Question

Consider a project to supply your church with 55,000 gallons of hand sanitizer annually for church services. You estimate that you will need an initial Gh¢4,200,000 in terms of investment to get the project started. The project will last for 5 years.
The project will bring in annual cash flows of Gh¢1,375,000. It also estimates a salvage value of Gh¢300,000 after dismantling costs.
Your cost of capital is 13 percent. Assume no taxes or depreciation.
Required:
What is the NPV of the sanitizer project? Should you pursue this project?

b) Suppose you believe that there is a best case scenario where initial investment could be 15% lower with salvage value and revenue being 10% higher, what would be the NPV under this scenario?
c) In the worst case scenario, you expect annual cash inflows to be 10% lower, salvage value to be 12% lower and initial investment to be 10% higher. Calculate the NPV under this worst case scenario. Would you still pursue the project?
d) You just received additional information that suggests that your base case (answer to a), best case (b) and worst case (c) scenarios have probabilities of 0.35, 0.35 and 0.30 respectively. What will be the expected NPV of the sanitizer project. What about the standard deviation of the sanitizer project? Do you think the project is still viable?

Answer 1

a). Project NPV = sum of present value of cash flows discounted at the cost of capital

= -initial investment + Present Value (PV) of annual cash flows + PV of salvage value

= -4,200,000 + (1,375,000/13%)*(1 - (1+ 13%)^-5) + 300,000/(1+13%)^5 = 799,020.97

The project can be accepted since it has a positive NPV.

b).
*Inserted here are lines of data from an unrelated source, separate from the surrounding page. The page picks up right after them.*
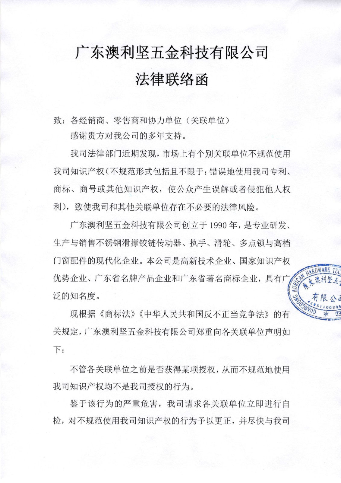我司法律部門近期發現,市場上有個別關聯單位不規範使用我司知識產權(不規範形式包括且不限於:錯誤地使用我司專利、商標、商號或其他知識產權,使公眾產生誤解或者侵犯他人權利),致使我司和其他關聯單位存在不必要的法律風險。為加強公司知識產權管理,保護公司知識產權專用權,促使生產、經營者保證商品和服務質量,維護公司知識產權信譽,保障消費者、生產、經營者的權益,現根據:
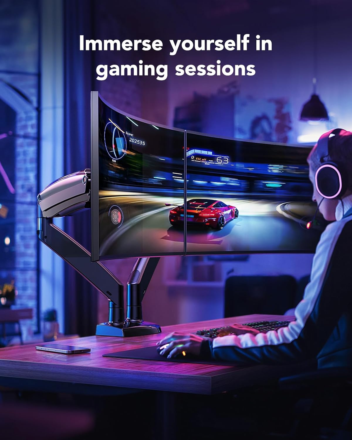 - Increased Stability for Heavier Ultrawide Monitors - The upgraded base and large arms make this dual monitor stand more stable so it can securely hold two 13”-40” screens weighing up to 26.4lbs. Compatible with VESA 75x75mm and 100x100mm.
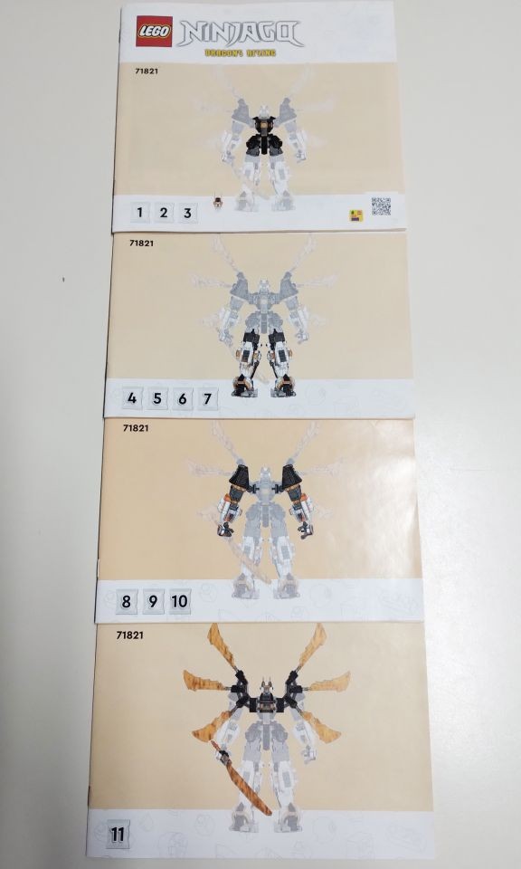 All'interno del box troviamo 11 buste numerate, una busta non numerata con i pezzi necessari per costruire le ali di cui è dotato il mech, il pezzo utilizzato per la katana (senza nessun sacchetto protettivo) e la confezione di cartone contenente le istruzioni ed un foglio di adesivi. I sacchetti contenenti i pezzi sono ancora quelli di plastica. Per le ali verranno utilizzati sei pezzi "codice 2144", ovvero una lama seghettata in colore pearl gold, già comparsa in altri 7 set della linea ninjago dal 2023 ad oggi. Invece per l'arma principale del mech, una bellissima e lunghissima katana, verrà utilizzato il pezzo "codice 5240", cioè lo stesso introdotto ed utilizzato per le pale del set 10327 (Atreides Royal Ornithopter), ricolorato in pearl gold esclusivamente per questo set. All'interno della confezione di cartone che contiene le istruzioni e gli adesivi troviamo 4 libretti di istruzioni distinti ed un foglietto con soli 12 adesivi (poteva andare molto ma molto peggio). Interessante che le istruzioni siano state suddivise in quattro blocchi distinti, ciò dà la possibilità di montare il set in più persone contemporaneamente rendendo l'esperienza di costruzione un'attività condivisa. Ed infatti io mi sono divertito a costruirlo insieme ai miei bambini. Brava Lego, ottima scelta.
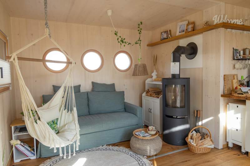 Auf meinen 26m² ist viel Platz zum gemütlichen Abhängen. Im Wohnbereich befindet sich eine Couch, die ganz einfach zu einem 2. Bett umfunktioniert werden kann, ein Hängesessel und mein wunderbarer Holz-Pellets-Ofen für die besondere Atmosphäre im Winter. Der Schlafbereich ist durch meinen Kasten optisch abgetrennt und bildet somit eine gemütliche Nische. Durch das große Bullaugen-Fenster fällt der erste Blick am Morgen direkt ins Grüne. Meine gut ausgestattete Küche bietet ein Induktions-Kochfeld, einen Kühlschrank, Küchenutensilien, Tee- und Kaffeezubehör. Im separaten Badezimmer gibt's eine riesige Dusche, eine Bio-Trenntoilette aus Holz und ein besonderes Waschbecken aus Naturstein. Meine riesige Terrasse lädt zum Entspannen ein und abends lässt man den Tag am besten bei der Feuerstelle ausklingen.
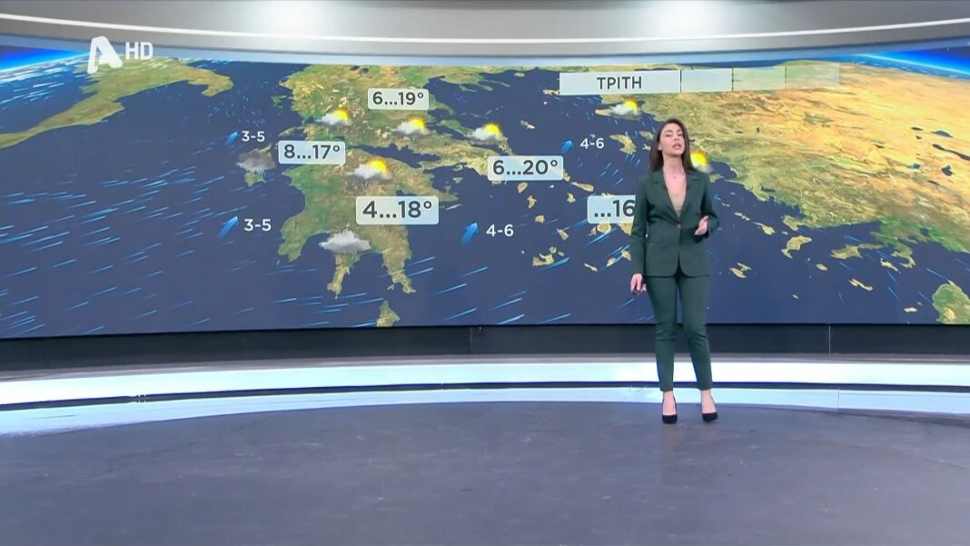Ήπιες θερμοκρασίες 10-18°C την Τρίτη, με τοπικές βροχές στα βόρεια και δυτικά. Ηλιόλουστη η νότια Ελλάδα, μέτριοι άνεμοι σε όλη τη χώρα. Προσοχή στους δρόμους.
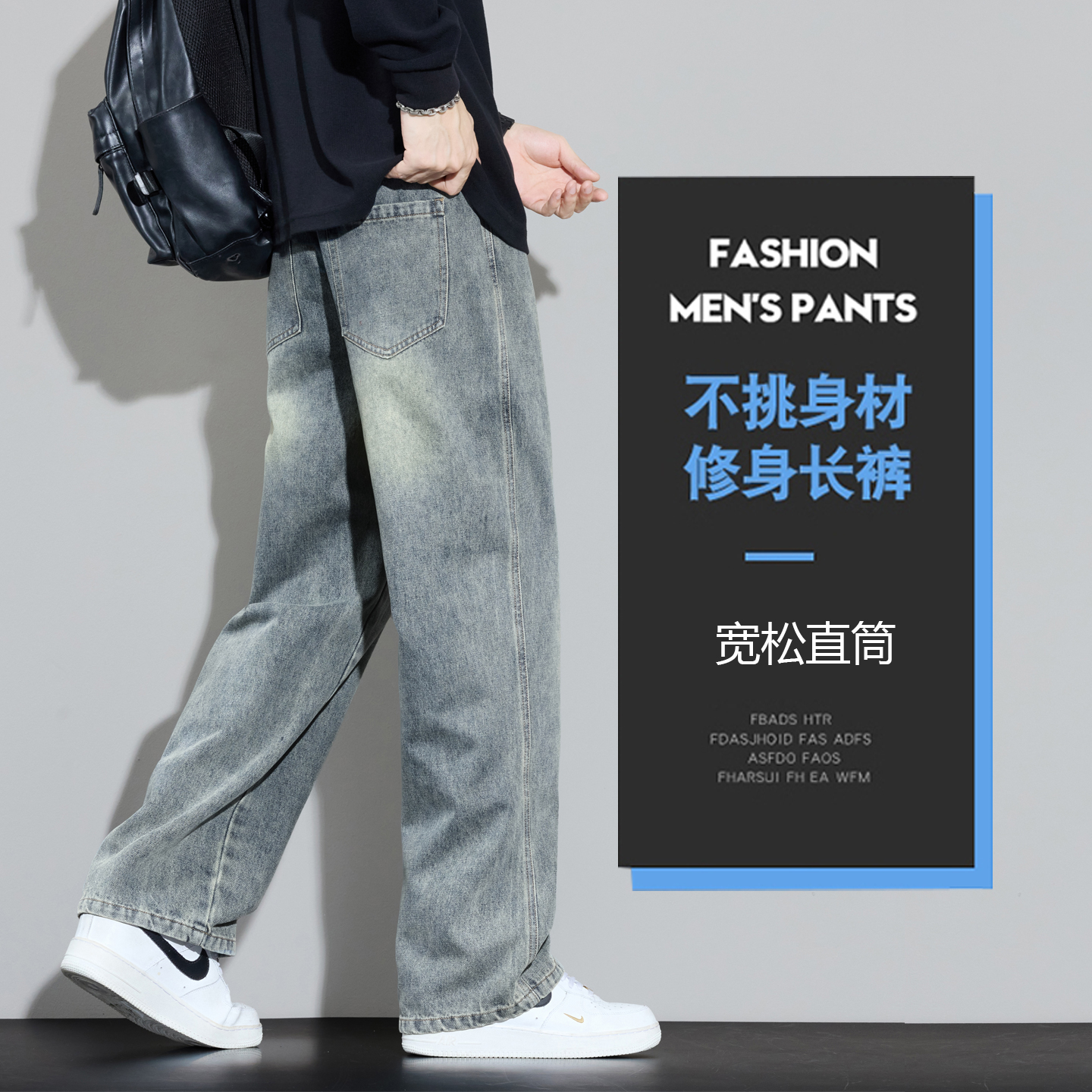 宽松直筒男裤 春秋季 2025年新款 休闲百搭阔腿长裤 牛仔裤 子男款 男士
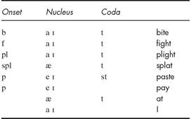In Unit 17 we will see that the metrical form of a poem involves control over the syllables of the line, and syllables are also relevant for the organization of sound patterning. Rhyme and alliteration, the two basic kinds of sound patterning, involve different parts of the syllable. A syllable is divided into three parts (of which only the nucleus is essential): the onset, the nucleus and the coda. Table 16.1 illustrates this division of the syllable into three parts, using monosyllabic words.

Best case scenario:

Initial investment = 4,200,000*(1-15%) = 3,570,000

Annual cash flow = 1,375,000*(1+10%) = 1,512,500

Salvage value = 300,000*(1+10%) = 330,000

NPV = -3,570,000 + (1,512,500/13%)*(1 - (1+ 13%)^-5) + 330,000/(1+13%)^5 = 1,928,923.06

c). Worst case scenario:

Initial investment = 4,200,000*(1+10%) = 4,620,000

Annual cash flow = 1,375,000*(1-10%) = 1,237,500

Salvage value = 300,000*(1-12%) = 264,000

NPV = -4,620,000 + (1,237,500/13%)*(1 - (1+ 13%)^-5) + 264,000/(1+13%)^5 = -124,137.69

d). Expected NPV = sum of [probability of each case*NPV of that case]

Standard deviation of the NPV = [sum of [probability*(NPV - expected NPV)^2]^0.5

Expected NPV = 917,539.10

Standard deviation = 829,733.44

The project can still be accepted as expected NPV is positive. Even if expected NPV deviates by 829,733.44, it will still have a positive NPV.